Jody Washington, a city councilmember who represents the ward in which the gay bars in Lansing are located, said she was "sad" that the community felt "unsafe." Washington said she will be working with LPD to make sure special attention is brought to the bars.

Also last week, Detroit Police officials announced they had met with bar owners in that city to discuss safety.

In Fort Worth, Texas, officers from that police department have been visiting bars in the community. And while that might be helpful for some in the community, another sort of scheme to offer protection has also surfaced in the Dallas community.

White nationalist Jason Lee Van Dyke -- who co-authored a legal brief to the U.S. Sixth Circuit Court of Appeals against marriage equality and invoking the long held "western cultural beliefs" including execution of gay people -- is offering weapons and self defense training for the LGBT community.

"Also, as this class is officially being hosted by a 501(c)(3) organization (Texas Marksmen, Inc.), there will be no discrimination as to who is permitted to take the class," Van Dyke wrote in a Facebook event posting over the weekend. "What this means is that, although we are marketing this opportunity only to the LGBT community, anyone who is legally permitted to take the course that wishes to attend will be welcome."

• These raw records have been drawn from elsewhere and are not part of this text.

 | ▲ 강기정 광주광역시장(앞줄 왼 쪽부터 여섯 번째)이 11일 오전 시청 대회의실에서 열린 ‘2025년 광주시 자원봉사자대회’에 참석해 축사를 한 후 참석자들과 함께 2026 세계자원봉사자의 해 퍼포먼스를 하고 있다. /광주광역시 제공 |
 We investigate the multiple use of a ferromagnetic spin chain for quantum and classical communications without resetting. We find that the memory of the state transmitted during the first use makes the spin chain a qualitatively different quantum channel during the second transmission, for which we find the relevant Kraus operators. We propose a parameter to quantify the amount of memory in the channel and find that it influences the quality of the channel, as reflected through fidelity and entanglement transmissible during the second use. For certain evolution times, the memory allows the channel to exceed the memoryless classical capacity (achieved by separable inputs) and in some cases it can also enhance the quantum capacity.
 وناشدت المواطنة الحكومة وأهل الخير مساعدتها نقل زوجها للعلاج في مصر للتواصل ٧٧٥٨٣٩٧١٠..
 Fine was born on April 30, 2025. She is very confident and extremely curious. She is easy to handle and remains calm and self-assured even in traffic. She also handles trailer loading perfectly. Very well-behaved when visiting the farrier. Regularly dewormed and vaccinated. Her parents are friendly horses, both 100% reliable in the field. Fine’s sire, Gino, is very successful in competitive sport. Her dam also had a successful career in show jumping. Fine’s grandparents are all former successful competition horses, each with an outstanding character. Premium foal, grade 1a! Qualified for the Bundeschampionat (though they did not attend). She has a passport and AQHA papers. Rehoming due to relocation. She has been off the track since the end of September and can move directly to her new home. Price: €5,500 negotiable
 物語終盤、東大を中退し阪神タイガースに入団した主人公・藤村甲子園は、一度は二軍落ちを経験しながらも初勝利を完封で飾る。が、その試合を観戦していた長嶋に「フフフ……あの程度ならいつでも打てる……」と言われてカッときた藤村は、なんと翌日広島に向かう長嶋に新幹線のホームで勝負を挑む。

Van Dyke was the legal advisor for the Young Americans for Freedom Michigan State University chapter when that group was listed by the Southern Poverty Law Center as a hate group. It was listed as such for extreme anti-immigrant, anti-Islam, anti-Semitic, racist and homophobic programming. Van Dyke was not a student at the time -- he'd been booted out of MSU for a gun charge. He attempted to have his court record in 54-B District Court expunged, but part of the record -- the register of actions -- remained in the computers. BTL obtained this document which shows Van Dyke faced domestic violence charges as well as weapons charges. The record shows the domestic violence charge was dropped and he was found guilty on the gun charge.

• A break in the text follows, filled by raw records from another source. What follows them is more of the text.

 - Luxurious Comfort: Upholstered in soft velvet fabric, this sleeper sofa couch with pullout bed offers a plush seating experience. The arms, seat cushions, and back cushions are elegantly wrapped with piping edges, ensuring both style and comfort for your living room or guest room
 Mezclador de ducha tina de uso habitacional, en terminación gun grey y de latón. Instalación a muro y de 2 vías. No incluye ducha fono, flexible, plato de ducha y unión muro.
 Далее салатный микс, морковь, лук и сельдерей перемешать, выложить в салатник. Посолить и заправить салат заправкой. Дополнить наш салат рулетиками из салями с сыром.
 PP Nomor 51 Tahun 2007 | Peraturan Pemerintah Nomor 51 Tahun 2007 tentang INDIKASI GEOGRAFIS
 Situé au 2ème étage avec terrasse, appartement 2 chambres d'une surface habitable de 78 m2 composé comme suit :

Philip Rodney Moon has been monitoring the activities of Van Dyke and others from that hate group since it veered from conservative political postures to white supremacy ideology and events.

"Van Dyke has shown himself to be homophobic, far beyond the usual tone seen in mainstream conservative conversation," said Moon. "He's freely used offensive speech against LGBT opponents and partnered with the white nationalist group Traditionalist Youth Network to oppose marriage equality in 2014. Van Dyke's outreach is not done with the interests of the LGBT community in mind."